Description of the task ▸
Look through the data below for the line with "Extens is a" and the line with "Este documento presenta", then transcribe exactly from the first through the second, leaving out all pictures.

Exercise data ▸
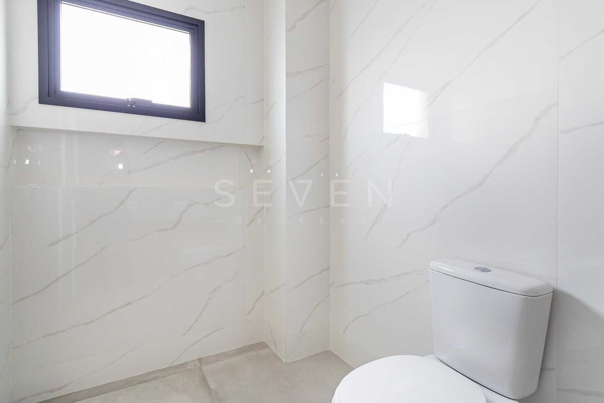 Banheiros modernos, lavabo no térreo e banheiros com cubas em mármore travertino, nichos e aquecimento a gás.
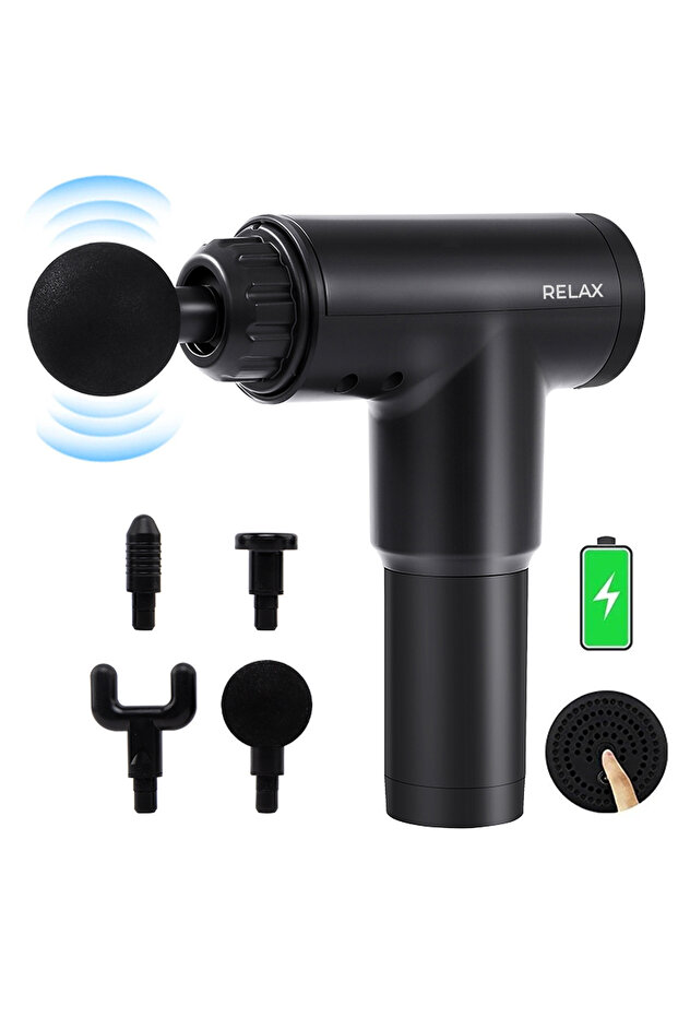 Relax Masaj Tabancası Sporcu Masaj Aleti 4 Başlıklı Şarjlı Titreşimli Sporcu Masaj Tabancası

...

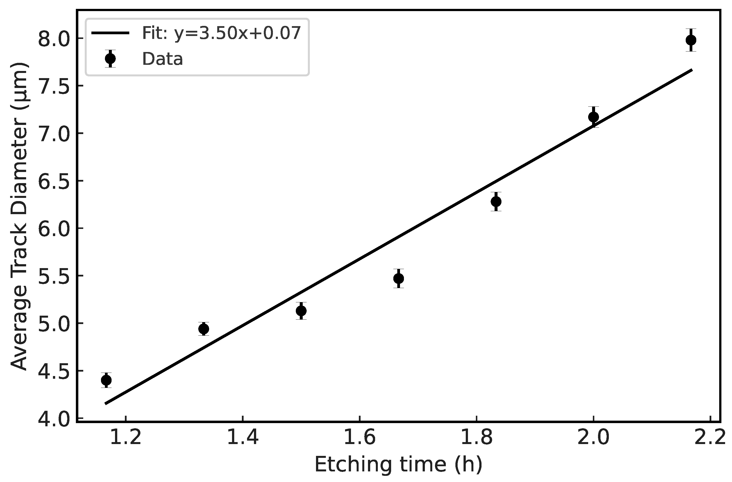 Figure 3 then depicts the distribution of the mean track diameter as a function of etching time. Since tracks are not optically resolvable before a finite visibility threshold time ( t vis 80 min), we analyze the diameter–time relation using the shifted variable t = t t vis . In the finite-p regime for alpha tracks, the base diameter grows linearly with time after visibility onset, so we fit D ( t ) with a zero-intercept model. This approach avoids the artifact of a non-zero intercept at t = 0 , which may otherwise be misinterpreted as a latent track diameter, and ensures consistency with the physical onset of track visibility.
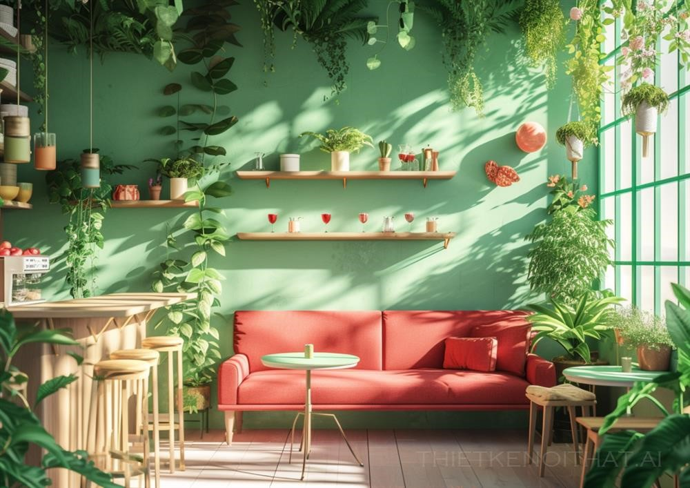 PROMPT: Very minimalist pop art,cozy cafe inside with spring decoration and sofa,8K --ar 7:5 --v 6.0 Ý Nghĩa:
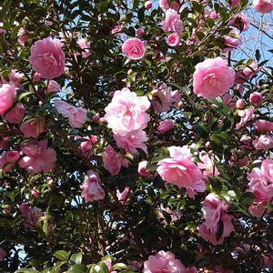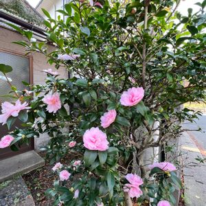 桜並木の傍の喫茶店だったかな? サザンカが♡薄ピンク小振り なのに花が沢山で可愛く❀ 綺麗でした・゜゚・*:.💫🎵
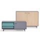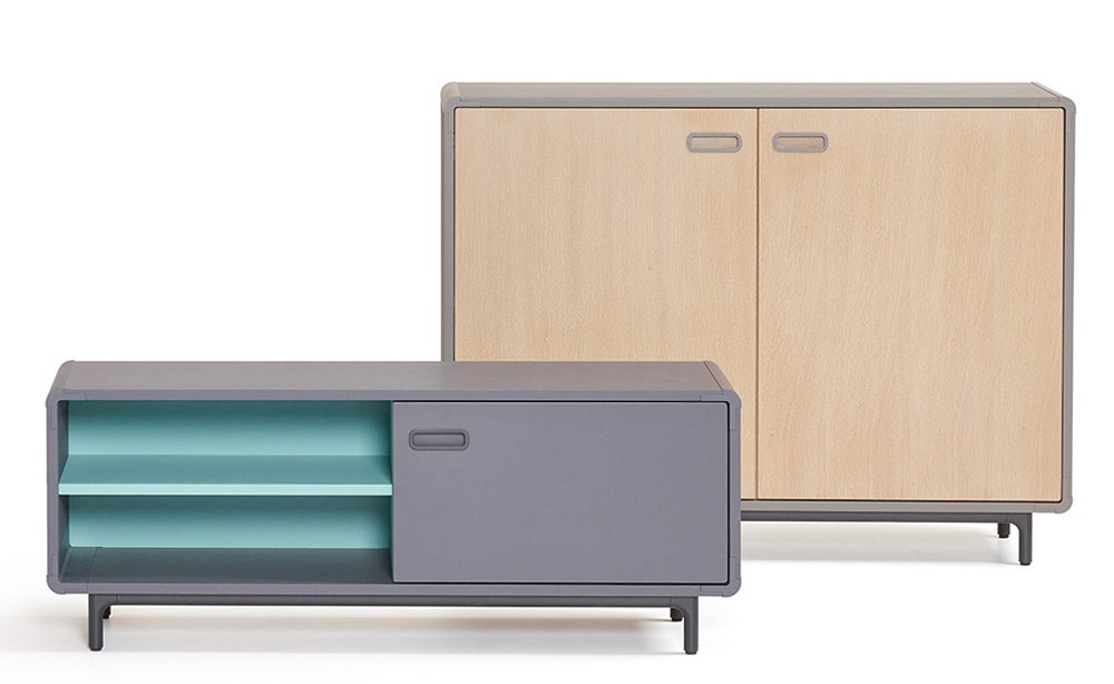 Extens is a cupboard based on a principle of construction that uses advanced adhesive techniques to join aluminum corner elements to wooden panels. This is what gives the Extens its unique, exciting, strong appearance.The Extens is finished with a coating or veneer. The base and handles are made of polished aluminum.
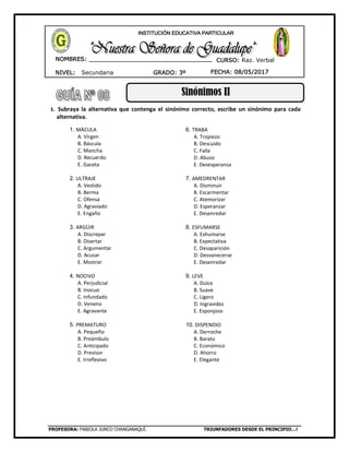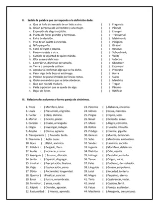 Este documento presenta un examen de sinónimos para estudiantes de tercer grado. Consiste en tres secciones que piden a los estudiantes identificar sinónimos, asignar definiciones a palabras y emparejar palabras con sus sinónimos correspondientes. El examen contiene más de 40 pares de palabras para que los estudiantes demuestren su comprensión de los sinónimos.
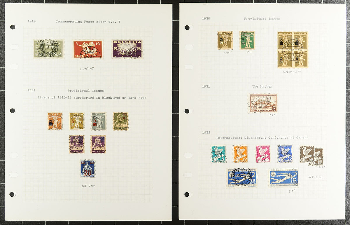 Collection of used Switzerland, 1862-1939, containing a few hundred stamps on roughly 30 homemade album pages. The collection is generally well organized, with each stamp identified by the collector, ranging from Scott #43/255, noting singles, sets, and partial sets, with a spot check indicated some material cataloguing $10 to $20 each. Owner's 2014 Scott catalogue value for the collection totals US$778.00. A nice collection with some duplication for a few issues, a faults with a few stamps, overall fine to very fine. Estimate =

Task output ▸
 Extens is a cupboard based on a principle of construction that uses advanced adhesive techniques to join aluminum corner elements to wooden panels. This is what gives the Extens its unique, exciting, strong appearance.The Extens is finished with a coating or veneer. The base and handles are made of polished aluminum.
 Este documento presenta un examen de sinónimos para estudiantes de tercer grado. Consiste en tres secciones que piden a los estudiantes identificar sinónimos, asignar definiciones a palabras y emparejar palabras con sus sinónimos correspondientes. El examen contiene más de 40 pares de palabras para que los estudiantes demuestren su comprensión de los sinónimos.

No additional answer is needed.